Histone-lysine N-methyltransferase 2A (KMT2A) together with its scaffold protein menin (MEN1) were identified as direct target proteins of AIL in OS. AIL induced the autophagic degradation of the KMT2A-MEN1 complex. Moreover, AIL inhibited intracellular H3K4 methyltransferase activity and epigenetically inhibited the transcription of genes in the serine biosynthetic pathway (SSP). Furthermore, AIL suppressed OS lung metastasis and downregulated KMT2A, MEN1, and SSP in mouse models.

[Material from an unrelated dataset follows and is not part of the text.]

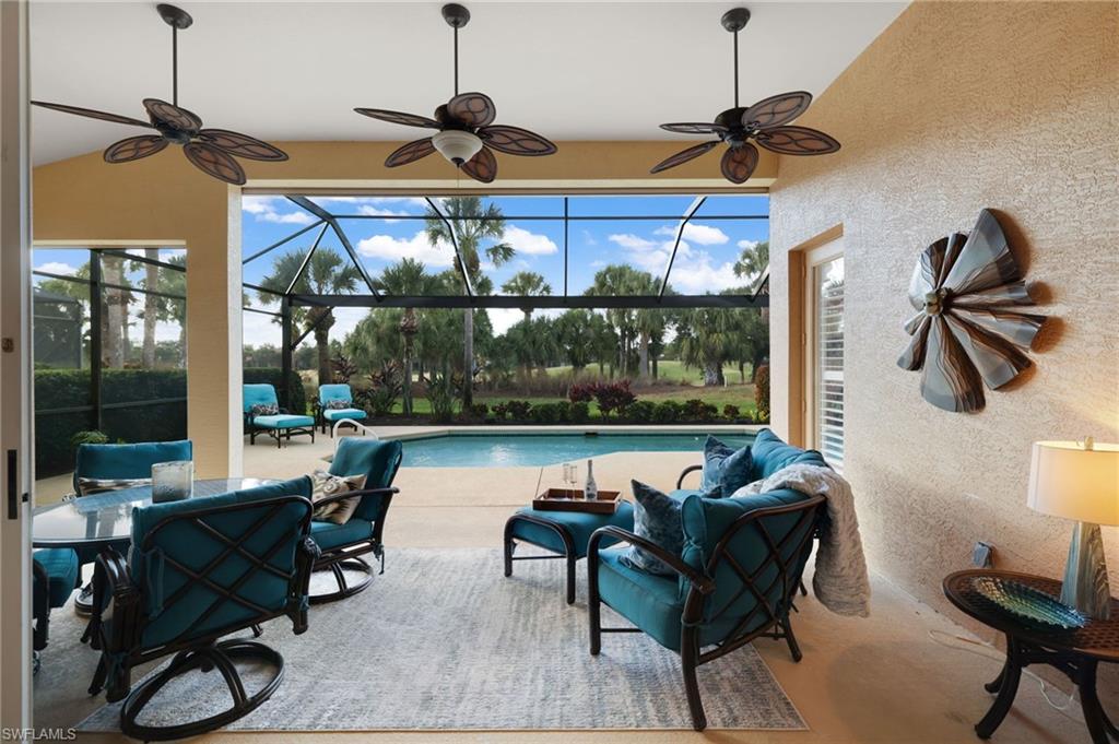 Welcome to this beautifully updated 2-bedroom plus den home, where coastal comfort meets everyday ease. Step inside and youu2019re greeted by an open, light-filled floor plan that feels both spacious and inviting. Soft natural tones, modern finishes, and thoughtful updates create a space thatu2019s elegant yet relaxed, one that feels good to live in.The kitchen, dining, and living areas flow together seamlessly, perfect for quiet mornings or easy evenings with friends. Every improvement, from the high-quality finishes to the full hurricane protection, was chosen with care to bring peace of mind and lasting comfort.Step outside to a private outdoor retreat overlooking the golf course. The pool sparkles in the sun, surrounded by a large patio designed for unwinding, entertaining, or just watching the colors change over the course of the day.Set within the award-winning Miromar Lakes Beach & Golf Club, this home connects you to a vibrant, active community. Enjoy three miles of white-sand beaches, a 700-acre freshwater lake for boating and watersports, and world-class amenities including championship golf, tennis, pickleball, bocce, fitness, fine dining, and a full-service spa.This home blends warmth and sophistication with the rhythm of resort living, offering comfort, style, and a quiet sense of belonging in one of Southwest Floridau2019s most celebrated communities.

This work showed that AIL targets the KMT2A-MEN1 complex and inhibits SSP to suppress OS lung metastasis. Notably, AIL exhibits new mechanisms of action, distinct from those of existing anti-OS drugs. On the basis of these findings, we proposed a novel strategy to treat OS by targeting epigenetic enzymes and cancer metabolism.
肺转移是骨肉瘤(OS)患者的主要死亡原因,因此迫切需要新药。表观遗传重编程是最近提出的恶性肿瘤标志;因此,靶向表观遗传酶可能为OS肺转移提供一种新的治疗策略。我们最近报道,从中药臭椿中分离出的天然产物白藓碱(AIL)可抑制OS细胞生长并诱导大量代谢变化;然而,其直接靶点仍不清楚。
确定AIL在OS中的直接靶点,并探讨AIL对OS肺转移的体内影响。
在Saos-2和U-2OS OS细胞中鉴定AIL的直接靶蛋白和下游信号通路。使用小鼠模型研究AIL对OS肺转移的体内影响。
采用一种新型表面等离子体共振-高效液相色谱-质谱(SPR-HPLC-MS)检测方法来确定AIL在OS中的直接靶点。进行细胞热位移分析、分子对接分析、酶活性分析、qRT-PCR、蛋白质印迹、染色质免疫沉淀分析和反向试验以确认AIL的靶点和下游通路。使用肿瘤异种移植模型在体内验证疗效和机制。
组蛋白赖氨酸N-甲基转移酶2A(KMT2A)及其支架蛋白Menin(MEN1)被鉴定为AIL在OS中的直接靶蛋白。AIL诱导KMT2A-MEN1复合物的自噬降解。此外,AIL抑制细胞内H3K4甲基转移酶活性,并在表观遗传上抑制丝氨酸生物合成途径(SSP)中基因的转录。此外,AIL在小鼠模型中抑制OS肺转移并下调KMT2A、MEN1和SSP。
这项工作表明,AIL靶向KMT2A-MEN'复合物并抑制SSP以抑制OS肺转移。值得注意的是,AIL表现出与现有抗OS药物不同的新作用机制。基于这些发现,我们提出了一种通过靶向表观遗传酶和癌症代谢来治疗OS的新策略。